Museum renovation, new ebook publication Honoring the late creator Haley | Leisure information
By ADRIAN SAINZ, Associated Press
HENNING, Tenn. (AP) – Find the good and praise it.
It is a phrase that the late Alex Haley, author of the 1976 novel “Roots: The Saga of an American Family”, often said during his lifetime, from his time in the small town of Henning in West Tennessee to his journeys around the world as a journalist and Writer. His seminal book on the horrors and injustices of slavery contains messages of perseverance, courage and strength.
Now, on his 100th birthday, the author’s bridging legacy is being re-invoked as an antidote to a particularly controversial time of American life. A band severance took place on Friday at the renovated Alex Haley Museum and Interpretive Center, and a community celebration with music, food and a fashion show is planned for Saturday.

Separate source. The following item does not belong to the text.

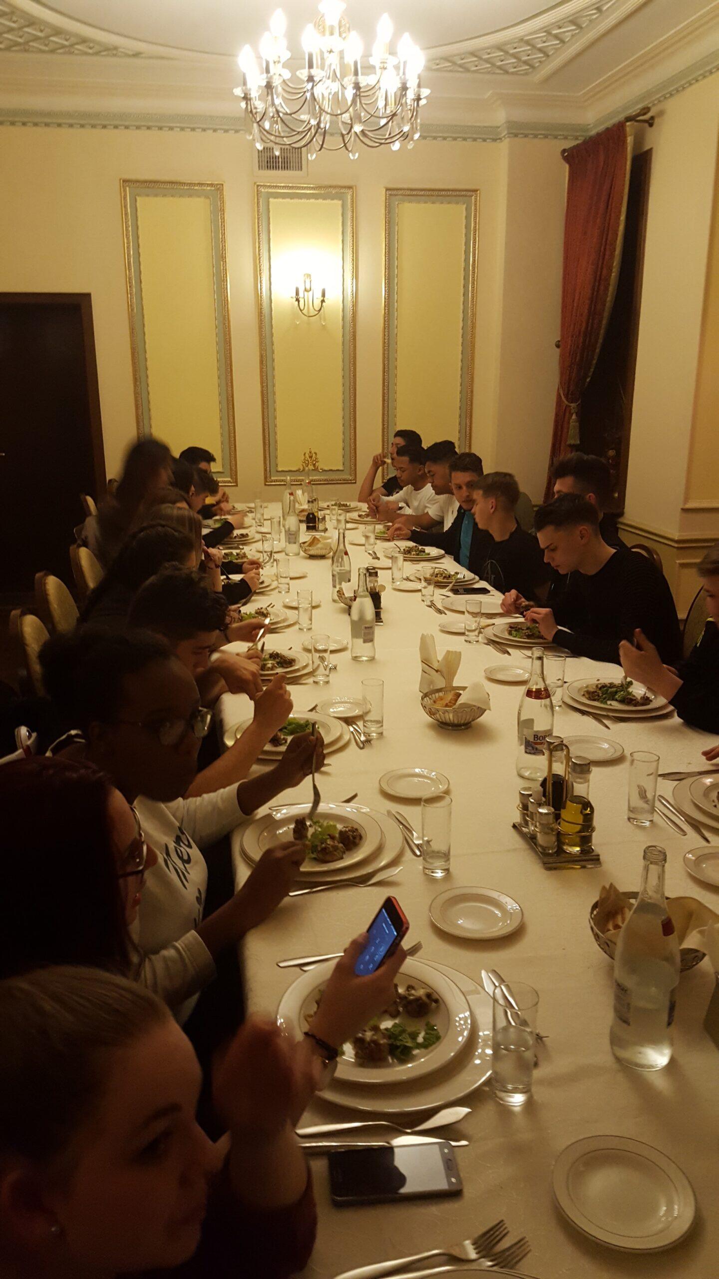 Nous sommes repartis a 18 heures pour un trajet de 3 heures pour retourner a Bucarest ou le restaurant « Noblesse » nous attendait avec un delicieux repas puis nous sommes rentres a l’hotel pour enfin nous reposer apres cette longue journee.

Haley’s life was full of examples of how they lived after those words. There was a time when he encouraged his close friend Fred Montgomery to become the first black mayor of his hometown and pushed back resistance from some of the city’s white populations.
Haley, who was black and died in 1992, is also remembered that month in the republication of a 2003 book entitled “Finding the Good” by former Associated Press journalist Lucas L. Johnson II.

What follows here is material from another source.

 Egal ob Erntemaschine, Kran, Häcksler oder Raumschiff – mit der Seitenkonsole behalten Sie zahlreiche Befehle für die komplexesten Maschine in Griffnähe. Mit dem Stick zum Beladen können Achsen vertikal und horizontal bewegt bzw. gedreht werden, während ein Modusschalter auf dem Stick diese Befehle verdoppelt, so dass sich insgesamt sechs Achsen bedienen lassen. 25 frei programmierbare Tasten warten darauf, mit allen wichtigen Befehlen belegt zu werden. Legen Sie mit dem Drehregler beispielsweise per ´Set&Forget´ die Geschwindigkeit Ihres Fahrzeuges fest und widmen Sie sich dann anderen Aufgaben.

Johnson’s book describes the life of Montgomery, who befriended Haley in Henning. As little boys, they swam together and wrote love poems to girls. Haley wanted to write a book about Montgomery, who was born into a family of tenants and suffered racism in Jim Crow South before becoming a successful plumber, farm owner, councilor and mayor. Johnson interweaves Montgomery’s story with examples from his own life dealing with racism, family members grappling with substance abuse and incarceration, and questions of faith.
Haley is best known for “Roots,” which earned him a Pulitzer Prize and when it was released in 1977 was turned into a TV miniseries that was watched by a record 130 million people. Haley also wrote “The Autobiography of Malcolm X”. based on interviews with the civil rights activist.

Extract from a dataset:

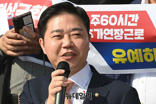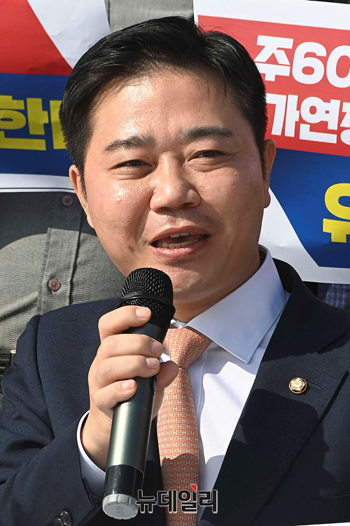 지성호 국민의힘 의원이 28일 오전 국회에서 열린 경제회복과 민생안정 촉구 및 노동관련 제도개선 기자회견에서 발언을 하고 있다.

The Henning Museum and the house where Haley lived with his grandparents from 1921 to 1929 are state historic sites.
In his book, Johnson includes examples of Haley’s influence on himself and Montgomery. In this month’s republication, Johnson updates his book to put Haley’s message of “finding good” in the context of current issues such as the coronavirus and the murder of George Floyd, a black man, by a white Minnesota police officer.
“I prayerfully began looking for the good,” writes Johnson. “And I found the inspiring stories of healthcare workers and first responders – as well as ordinary people – who risked their lives to help others.
“I’ve seen people who once ignored the reality of racism remove their blinders, hug humanity, and work with non-whites to make change,” he continues. “I saw hope for a truly divided nation.”
“Finding the Good” was praised by Roots actor Louis Gossett Jr., civil rights activist James M. Lawson Jr., and Bernice A. King, daughter of Rev. Martin Luther King Jr.
The republication also includes an updated preface from former Tennessee Governor and Republican Senator Lamar Alexander, who was friends with Montgomery and Haley and quotes Haley’s inspirational motto.
State and local elections Alexander and Haley’s grandson Bill Haley attended the renovation event on Friday for the museum located on the grounds of his youth home. The museum is located near a house Haley bought for Montgomery, another example of how Haley “finds the good.” Alexander and other speakers quoted Haley’s favorite phrase in their remarks.
As a boy, Alex Haley sat next to his grandmother on the porch of the 10-bedroom bungalow-style house and listened to her tell stories about his ancestors.
Bill Haley called home “the spiritual center, the elixir of life” of his grandfather’s interest in his family’s oral history, their roots.